4 Jan. () –
The number of fish species recorded in the Madidi National Park (Bolivia) has doubled to a staggering 333 species, 35 of them potentially new to science.
This is how it is described in a study carried out within the framework of the Madidi Identity expedition, led by the Wildlife Conservation Society. The results are published in Neotropical Hydrobiology and Aquatic Conservation.
The 35 possible new species for science include candidates from the genera Knodus, Microgenys, Moenkhausia, Characidium, Apareiodon, Brachyhypopomus, Ernstichthys (genus reported for the first time in Bolivia), Astroblepus, Trichomycterus (including a recently described species named after a pioneer French ichthyologist in Bolivia), and a three-barbel catfish (Cetopsorhamdia), a striking pike cichlid (Crenicichla) and a charming bumblebee catfish (Microglanis), among others.
Biodiversity studies and field research were carried out between 2015 and 2018 by specialists of the Wildlife Conservation Society (WCS), the Institut de Recherche pour le Développement de Montpellier (France) and the National Museum of Natural History and the Institute of Ecology of the Universidad Mayor de San Andrés.

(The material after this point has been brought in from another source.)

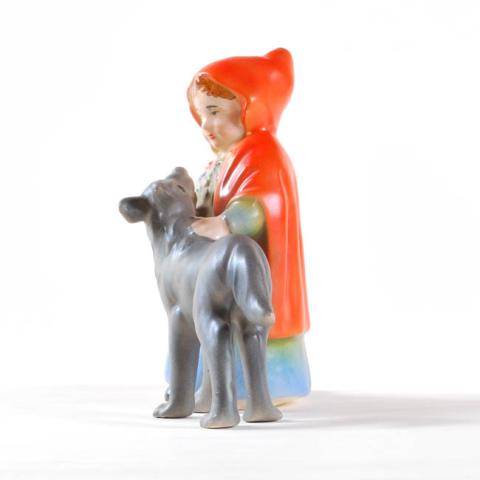 Objeto decorativo. Composición en base a figura femenina de niña de pié, lleva vestido azul y capa con capucha de color rojo, en brazo derecho sostiene un ramo de flores de colores azul, rojo, amarillo y verde. Junto a ella una figura que representa a niña de pie junto a un animal negro, lobo, y una canasta. Al lado derecho abajo canasto de color café. Mano izquierda sobre figura animal de color gris. Esmalte opaco.

The Madidi is probably the most biologically diverse protected area in the world due to a unique altitudinal gradient of almost 6,000 meters that spans the tropical Andes and the Amazon, informs the WCS in a statement.
Species previously cataloged by science range in size, from the invasive arapaima (Arapaima gigas)a giant who breathes through his mouth, weighs more than 200 kilos and measures more than 3 meters, to the seasonally abundant killifish (Anablepsoides beniensis) of the Rivulidae family, found in natural savannah pools and measuring just 1.5 centimeters. The list also includes the most attractive game fish in the Amazon, the dorado (Salminus brasiliensis), as well as migratory catfish, from the Amazonian goliath catfish (Brachyplatystoma filamentosum) to the tiny chipi chipi pencilfish, whose massive collective migration is a local phenomenon (Trichomycterus barbouri).
Another killifish (Orestias sp.) is found in some of the highest Andean lakes, at 4,300 meters in Madidi, while in stagnant ponds the wonderful Amazon electric knifefish (Gymnotus carapo) and the marsh eel (Synbranchus madeirae) , and in fast-flowing streams of the Amazon headwaters, several species of naked catfish (Astroblepus spp.), probably including several species new to science.